Chose certaine, sa vision de la vie désormais changée.

« Il y a des gens qui meurent soudainement et c’est triste. De pouvoir réaliser un peu la chance qu’on a et modifier un peu comment on vit est aussi un cadeau en soi. Autant que c’est triste, autant que ça amène aussi du positif. Je n’abandonnerai pas, même si les médecins me donnent un chiffre et un laps de temps. Étant donné que c’est un cancer rare, et que chaque individu est différent, on ne sait jamais ce qui peut se passer, ni ce qui peut arriver », conclut-il.

La loi modifiée dès juin?

Le jeune père de famille n’est pas seul dans sa bataille. En mars 2020, un mémoire intitulé Éliminer la discrimination à l’égard des femmes dans l’assurance-emploi a été adressé au gouvernement et aux partis politiques fédéraux. Ce dernier fut présenté par un consortium de groupes de femmes. 

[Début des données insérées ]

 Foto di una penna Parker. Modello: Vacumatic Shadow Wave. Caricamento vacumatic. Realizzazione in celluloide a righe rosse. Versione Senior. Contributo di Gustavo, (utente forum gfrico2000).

D’abord, le Conseil demande d’éliminer la discrimination l’égard des femmes à l’assurance-emploi. « Le régime d’assurance-emploi (AE) du Canada comporte deux principales mesures qui limitent injustement l’accès des femmes aux prestations de chômage. En premier, l’utilisation d’un critère d’heures pour déterminer l’admissibilité aux prestations et leur durée font en sorte que, pour chaque heure travaillée, les personnes travaillant à temps partiel, majoritairement des femmes, sont moins souvent admissibles aux prestations et en reçoivent moins », peut-on y lire.

« Deuxièmement, la règle qui limite à un maximum de 50 semaines la combinaison des prestations spéciales et les prestations de chômage affecte presque exclusivement les femmes. Une femme qui perd son emploi avant, pendant ou peu après un congé de maternité/parentale est rarement admissible aux prestations de chômage. »

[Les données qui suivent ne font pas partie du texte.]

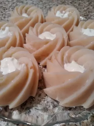 Агар-агар активно стабилизируется даже при комнатной температуре, и через два часа суфле будет готово. Аккуратно извлекая из формы, можно заполнить углубления густой сметаной для дополнительного вкуса и текстуры.
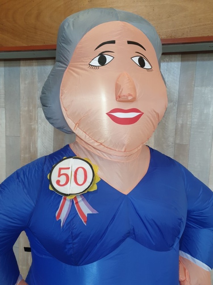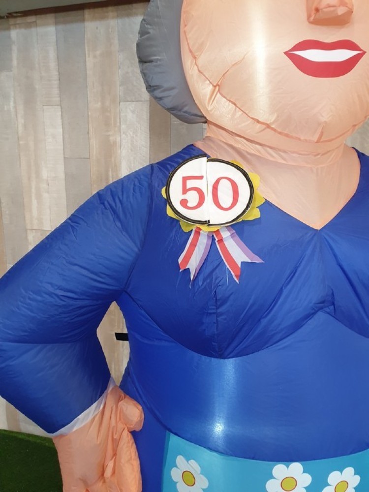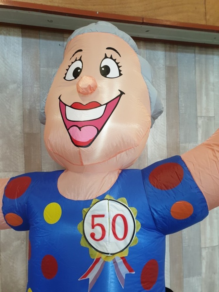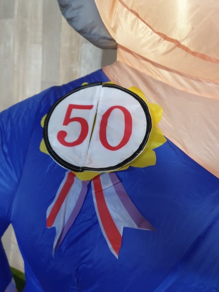 Dit bijzondere opblaasfiguur is geschikt voor alle leeftijden en kan daarom besteld worden met alle getallen van 0-99 (zeer eenvoudig te bevestigen met behulp van klittenband). Verder is dit opblaasfiguur voorzien van ingebouwde verlichting waardoor hij ook in de avond een opvallende verschijning is.
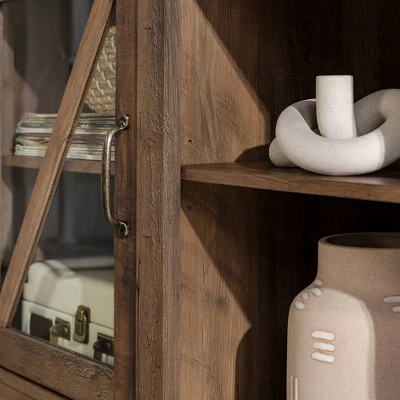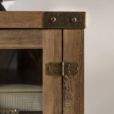 Farmhouse with a transparent twist, the Clarabelle Farmhouse Glass Barn Door 58” TV Stand from Saracina Home provides a fresh take on rustic style. Exposed, antiqued metal hinges and accents on the front of the entertainment center maintain an industrial vibe, while the tempered safety glass barn doors add a contemporary edge. This console features cord management ports and three adjustable shelves so you can keep your living room organized. The blend of open and semi-closed storage allows you to proudly display your fanciest media components and favorite movies.
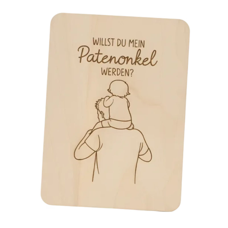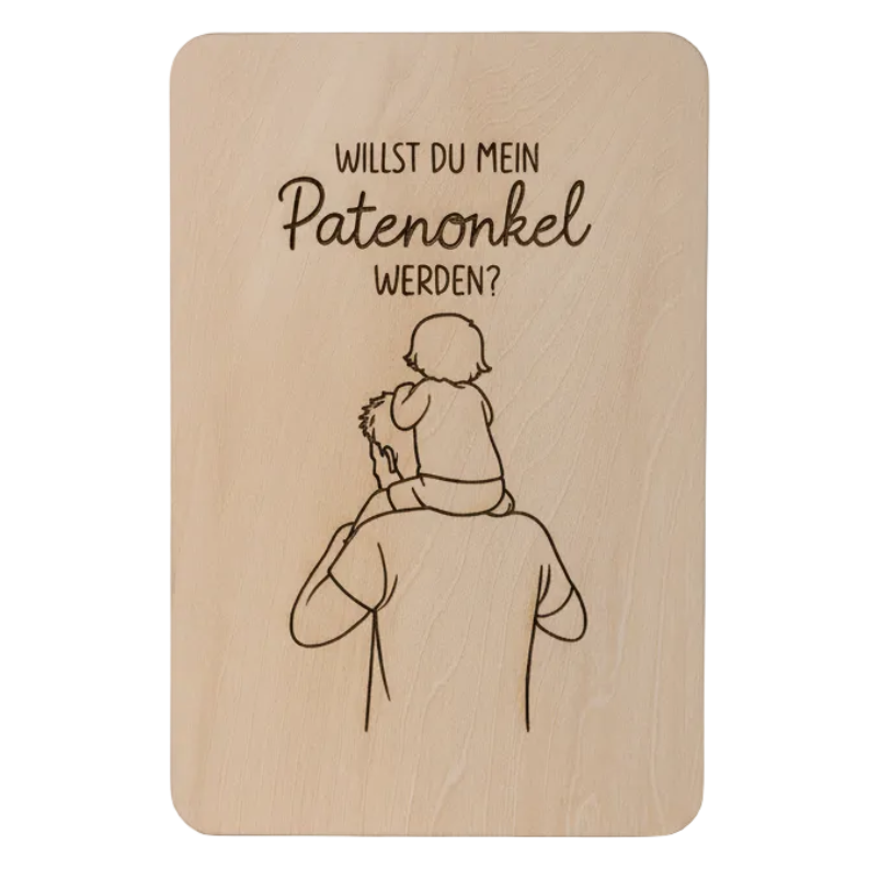 Holzkarte *Willst du mein Patenonkel werden* handgefertigt

Le Conseil ajoute que « cette discrimination a été créée en 1996 lors de la décision d’utiliser les heures de travail pendant la période de référence pour déterminer l’admissibilité, plutôt que les semaines de travail comme c’était le cas auparavant. Le nouveau critère visait surtout à faciliter l’accès aux prestations aux personnes travaillant de longues heures pendant une courte saison, en majorité des hommes. »

Par ce mémoire, il implore que des modifications à la Loi sur l’assurance-emploi soient apportées afin d’éliminer ces deux éléments de discrimination. Le Conseil présente également plusieurs autres mesures pour rendre l’assurance-emploi plus accessible et pour renforcer son rôle d’assurer une continuité du revenu lorsqu’une travailleuse ou un travailleur se trouve en chômage.

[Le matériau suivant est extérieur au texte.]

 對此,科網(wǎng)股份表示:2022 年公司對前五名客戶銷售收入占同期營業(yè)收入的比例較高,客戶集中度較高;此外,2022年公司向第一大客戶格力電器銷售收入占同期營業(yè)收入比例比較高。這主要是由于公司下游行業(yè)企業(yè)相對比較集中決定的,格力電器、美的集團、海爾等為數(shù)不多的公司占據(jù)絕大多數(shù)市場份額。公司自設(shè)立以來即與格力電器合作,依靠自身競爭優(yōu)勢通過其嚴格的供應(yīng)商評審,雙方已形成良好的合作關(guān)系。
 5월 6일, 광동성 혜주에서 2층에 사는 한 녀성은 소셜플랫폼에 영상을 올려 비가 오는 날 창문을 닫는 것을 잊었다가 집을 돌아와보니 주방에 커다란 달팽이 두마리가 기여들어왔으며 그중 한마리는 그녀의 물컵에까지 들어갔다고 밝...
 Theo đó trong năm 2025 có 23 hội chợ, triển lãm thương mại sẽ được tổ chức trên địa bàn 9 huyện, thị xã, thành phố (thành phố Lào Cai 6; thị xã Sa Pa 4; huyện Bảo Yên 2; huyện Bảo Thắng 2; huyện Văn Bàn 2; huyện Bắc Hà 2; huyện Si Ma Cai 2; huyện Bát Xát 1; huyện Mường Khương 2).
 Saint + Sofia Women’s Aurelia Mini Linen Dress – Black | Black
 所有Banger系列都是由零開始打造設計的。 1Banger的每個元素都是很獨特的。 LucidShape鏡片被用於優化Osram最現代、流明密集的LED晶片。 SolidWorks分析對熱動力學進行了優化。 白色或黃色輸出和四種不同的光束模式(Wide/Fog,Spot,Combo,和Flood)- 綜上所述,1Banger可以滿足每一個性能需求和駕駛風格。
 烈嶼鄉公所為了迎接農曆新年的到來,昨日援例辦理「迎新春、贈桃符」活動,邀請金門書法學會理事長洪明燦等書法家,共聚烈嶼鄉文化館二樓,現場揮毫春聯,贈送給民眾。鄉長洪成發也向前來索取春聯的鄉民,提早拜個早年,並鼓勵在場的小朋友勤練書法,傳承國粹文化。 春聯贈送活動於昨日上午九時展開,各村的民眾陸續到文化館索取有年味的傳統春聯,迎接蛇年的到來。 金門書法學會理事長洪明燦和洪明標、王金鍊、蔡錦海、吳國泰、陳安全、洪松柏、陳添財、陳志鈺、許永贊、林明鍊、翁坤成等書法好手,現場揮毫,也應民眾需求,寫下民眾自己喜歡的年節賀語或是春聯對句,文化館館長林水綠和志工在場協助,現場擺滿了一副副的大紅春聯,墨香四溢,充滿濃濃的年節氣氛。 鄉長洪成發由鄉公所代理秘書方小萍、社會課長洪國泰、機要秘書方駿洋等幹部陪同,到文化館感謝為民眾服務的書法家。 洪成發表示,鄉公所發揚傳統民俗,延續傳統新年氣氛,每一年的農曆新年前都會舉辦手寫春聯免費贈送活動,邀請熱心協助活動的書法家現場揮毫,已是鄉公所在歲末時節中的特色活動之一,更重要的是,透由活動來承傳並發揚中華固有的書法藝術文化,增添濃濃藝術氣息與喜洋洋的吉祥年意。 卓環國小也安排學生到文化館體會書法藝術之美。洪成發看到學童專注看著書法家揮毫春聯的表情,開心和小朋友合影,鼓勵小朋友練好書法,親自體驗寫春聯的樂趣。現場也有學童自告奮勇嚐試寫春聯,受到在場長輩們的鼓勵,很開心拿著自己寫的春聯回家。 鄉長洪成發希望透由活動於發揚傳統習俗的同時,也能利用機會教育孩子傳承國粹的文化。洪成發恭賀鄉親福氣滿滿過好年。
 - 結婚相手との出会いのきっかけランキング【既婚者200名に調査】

Selon ce que L’Hebdo Journal a appris via une source à l’interne, le vœu du Conseil, et celui de Jonathan Beaulieu Richard et de sa conjointe, pourrait être exaucé en juin prochain. La ministre de l’Emploi, du Développement de la main-d’œuvre et de l’Inclusion des personnes en situation de handicap, Carla Qualtrough, pourrait annoncer la modification dans la publication de son tout récent rapport.